▶ [Instructions to follow]:
For this task, extract exactly the lines of the data below, from the line containing "Golden Gate Bridge" through the last one, with pictures left out.

▶ [Recorded data]:
-- Opening Marker --

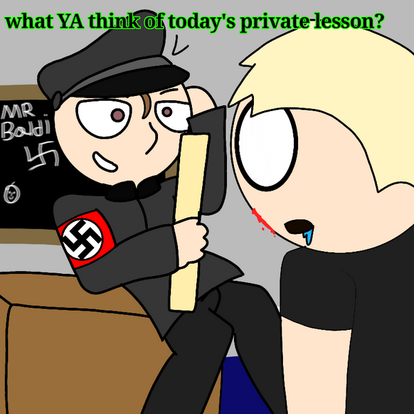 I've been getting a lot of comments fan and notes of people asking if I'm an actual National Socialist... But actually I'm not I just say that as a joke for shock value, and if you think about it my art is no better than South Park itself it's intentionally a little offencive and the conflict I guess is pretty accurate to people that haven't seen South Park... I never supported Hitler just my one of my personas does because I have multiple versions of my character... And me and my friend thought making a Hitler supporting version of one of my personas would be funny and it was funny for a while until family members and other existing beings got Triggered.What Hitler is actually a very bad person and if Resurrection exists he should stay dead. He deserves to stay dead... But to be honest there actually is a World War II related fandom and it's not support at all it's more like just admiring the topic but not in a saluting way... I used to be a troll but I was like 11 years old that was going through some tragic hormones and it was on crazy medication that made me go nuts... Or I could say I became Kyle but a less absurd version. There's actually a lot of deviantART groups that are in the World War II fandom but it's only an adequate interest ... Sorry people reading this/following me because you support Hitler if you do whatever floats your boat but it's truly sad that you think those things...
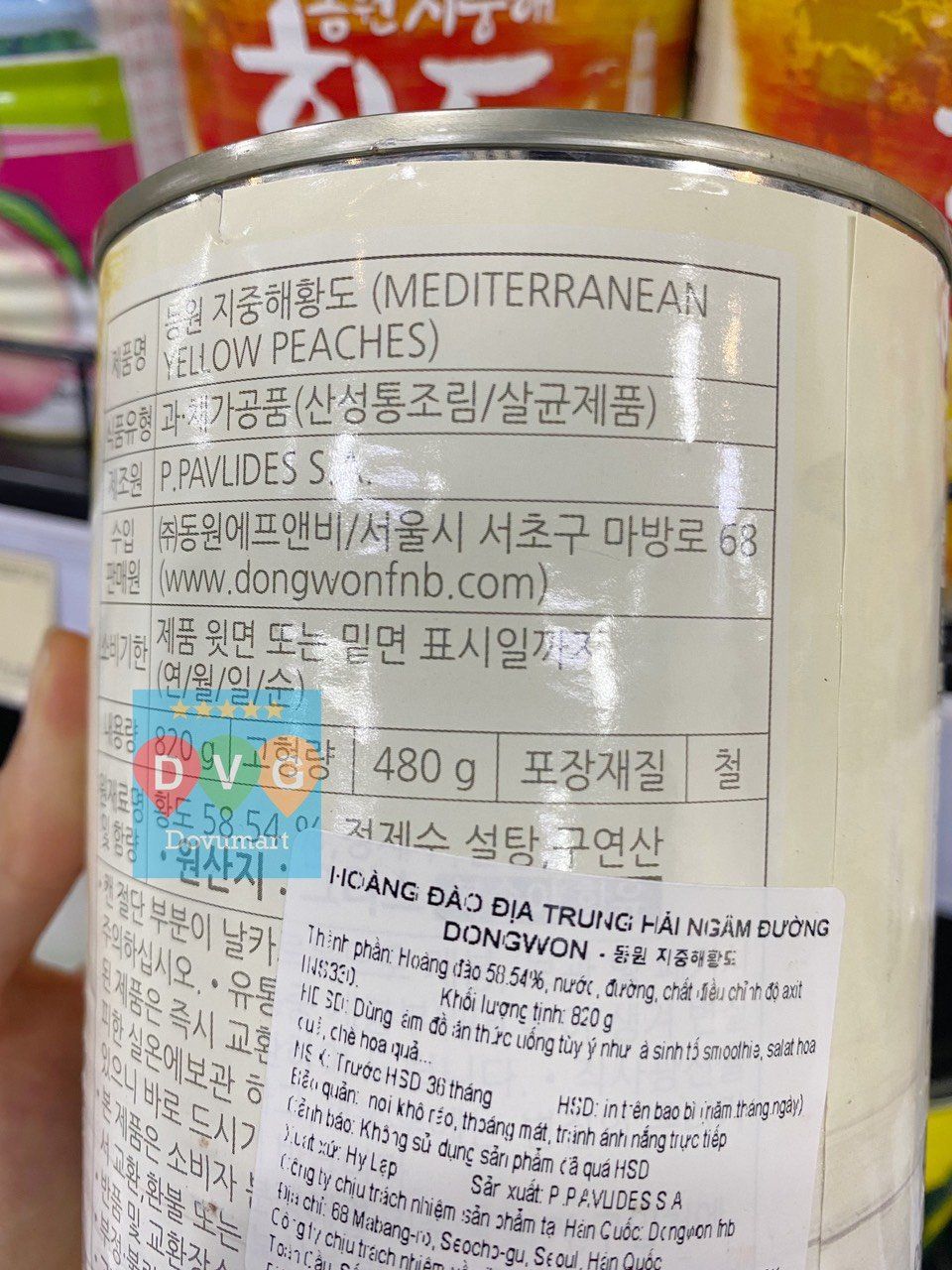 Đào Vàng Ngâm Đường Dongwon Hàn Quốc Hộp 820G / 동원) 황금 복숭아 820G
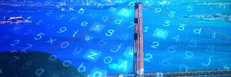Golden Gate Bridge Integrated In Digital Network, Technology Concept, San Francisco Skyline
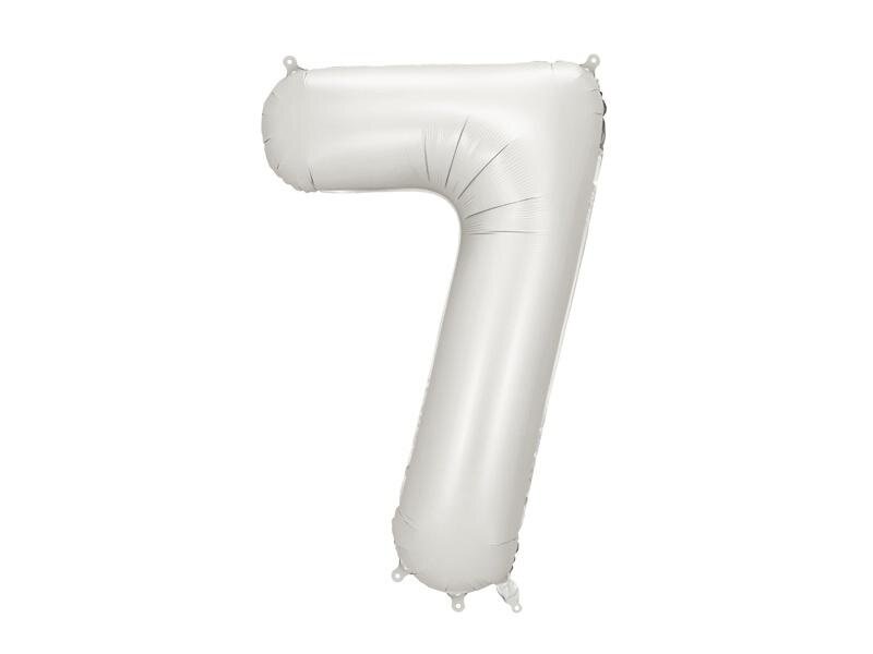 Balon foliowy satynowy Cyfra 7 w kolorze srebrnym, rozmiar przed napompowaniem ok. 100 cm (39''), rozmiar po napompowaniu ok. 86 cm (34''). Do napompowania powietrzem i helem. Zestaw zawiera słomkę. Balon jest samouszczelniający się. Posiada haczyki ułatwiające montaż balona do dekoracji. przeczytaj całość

-- Closing Marker --

▶ [Solution below]:
Golden Gate Bridge Integrated In Digital Network, Technology Concept, San Francisco Skyline
 Balon foliowy satynowy Cyfra 7 w kolorze srebrnym, rozmiar przed napompowaniem ok. 100 cm (39''), rozmiar po napompowaniu ok. 86 cm (34''). Do napompowania powietrzem i helem. Zestaw zawiera słomkę. Balon jest samouszczelniający się. Posiada haczyki ułatwiające montaż balona do dekoracji. przeczytaj całość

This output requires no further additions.